To keep pace with the accelerating and ever‐changing technology base, MIL‐HDBK‐217C was updated to MIL‐HDBK‐217D on January 15, 1982 and to MIL‐HDBK‐217E on October 27, 1986. In December 1991, MIL‐HDBK‐217F became a prescribed US military reliability prediction document. Two teams were responsible for providing guidelines for the last update. Both teams suggested:
that the constant failure rate (CFR) model could not be used;
that some of the individual wear‐out failure mechanisms (like electromigration and time‐dependent dielectric breakdown) could be modeled with a lognormal distribution;
that the Arrhenius‐type formulation of the failure rate in terms of temperature should not be included in the package failure model; and
that stresses such as temperature change and humidity should be considered.
Both groups noticed that temperature cycling is more detrimental to component reliability than the steady state temperature at which the device is operating, so long as the temperature is below a critical value. This conclusion has been further supported by a National Institute of Standards and Technology (NIST), and an Army Fort Monmouth study which stated that the influence of steady‐state temperature on microelectronic reliability under typical operating changes is inappropriately modeled by an Arrhenius relationship [2–4]. However, considering the ability to separate failure mechanisms by separate Arrhenius activation energies, it may be possible to return to the physics of failure (PoF) assumption that each mechanism will have a unique activation energy.
There are several different approaches to the reliability prediction of electronic systems and equipment. Each approach has unique advantages and disadvantages; several papers have been published on the comparison of reliability assessment approaches. However, there are two distinguishable approaches to reliability prediction, traditional/empirical, and PoF approach.

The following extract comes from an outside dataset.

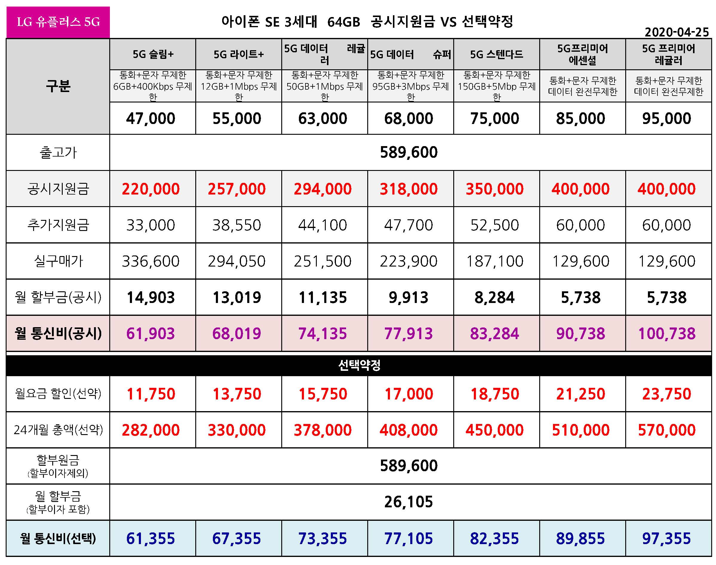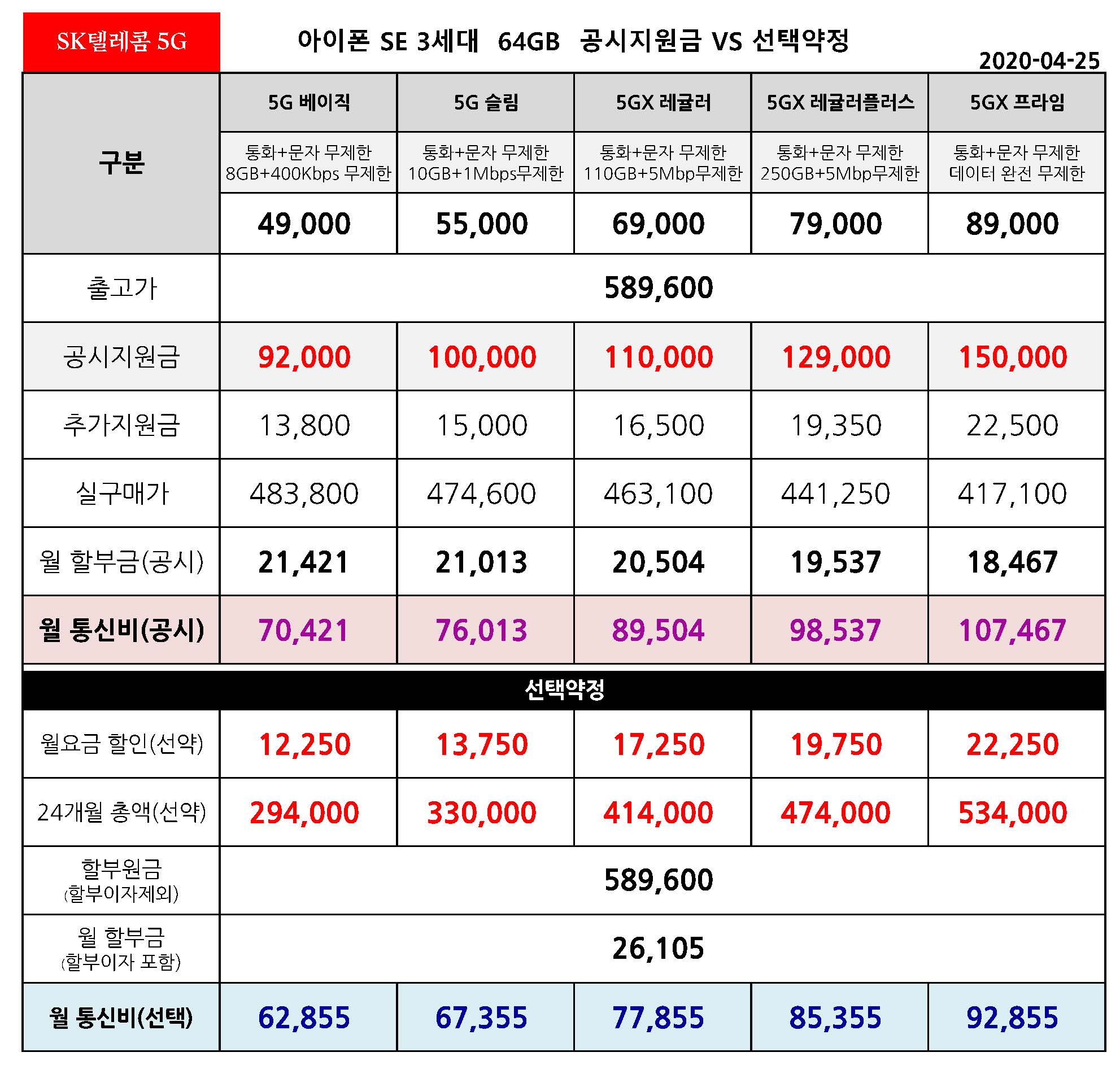 아이폰 SE 3세대 128기가 공시지원금 & 선택약정 월 통신비 요금표

Traditional, empirical models are those that have been developed from historical reliability databases either from fielded applications or from laboratory tests [5].
Handbook prediction methods are appropriate only for predicting the reliability of electronic and electrical components and systems that exhibit CFRs. All handbook prediction methods contain one or more of the following types of prediction:
Tables of operating and/or non‐operating CFR values arranged by part type,
Multiplicative factors for different environmental parameters to calculate the operating or non‐operating CFR, and
Multiplicative factors that are applied to a base operating CFR to obtain non‐operating CFR
[6]
.
MIL‐HDBK‐217 reliability prediction methodology which was developed under the activity of the RADC (now Rome Laboratory) and its last version released in February 1995 intended to “establish and maintain consistent and uniform methods for estimating the inherent reliability (i.e. the reliability of a mature design) of military electronic equipment and systems. The methodology provided a common basis for reliability predictions during acquisition programs for military electronic systems and equipment. It also established a common basis for comparing and evaluating reliability predictions or related competitive designs. The handbook was intended to be used as a tool to increase the reliability of the equipment being designed.”
In 2001, the office of the US Secretary of Defense stated that “…. the Defense Standards Improvement Council (DSIC) decided several years ago to let MIL‐HDBK‐217 ‘die the death.’ This is still the current OSD position, i.e. we will not support any updates/revisions to MIL‐HDBK‐217” [6].
Two basic methods for performing the prediction based on the data observation include the parts count and the parts stress analysis. The parts count reliability prediction method is used for the early design phases when not enough data is available, but the numbers of component parts are known. The information for parts count method includes generic part types (complexity for microelectronics), part quantity, part quality levels (when known or can be assumed), and environmental factors. Since equipment consists of the parts operating in more than one environment, the “parts count” equation is applied to each portion of the equipment in a distinct environment. The overall equipment failure rate is obtained by summing the failure rate for each component over its expected operating condition.
A part stress model is based on the effect of mechanical, electrical and environmental stress and duty cycles such as temperature, humidity, and vibration on the part failure rate. The part failure rate varies with applied stress and the strength–stress interaction determines the part failure rate. This method is used when most of the design is complete, and the detailed part stress is available. It is applicable during later design phases as well. Since more information is available at this stage, the result is more accurate than the parts count method.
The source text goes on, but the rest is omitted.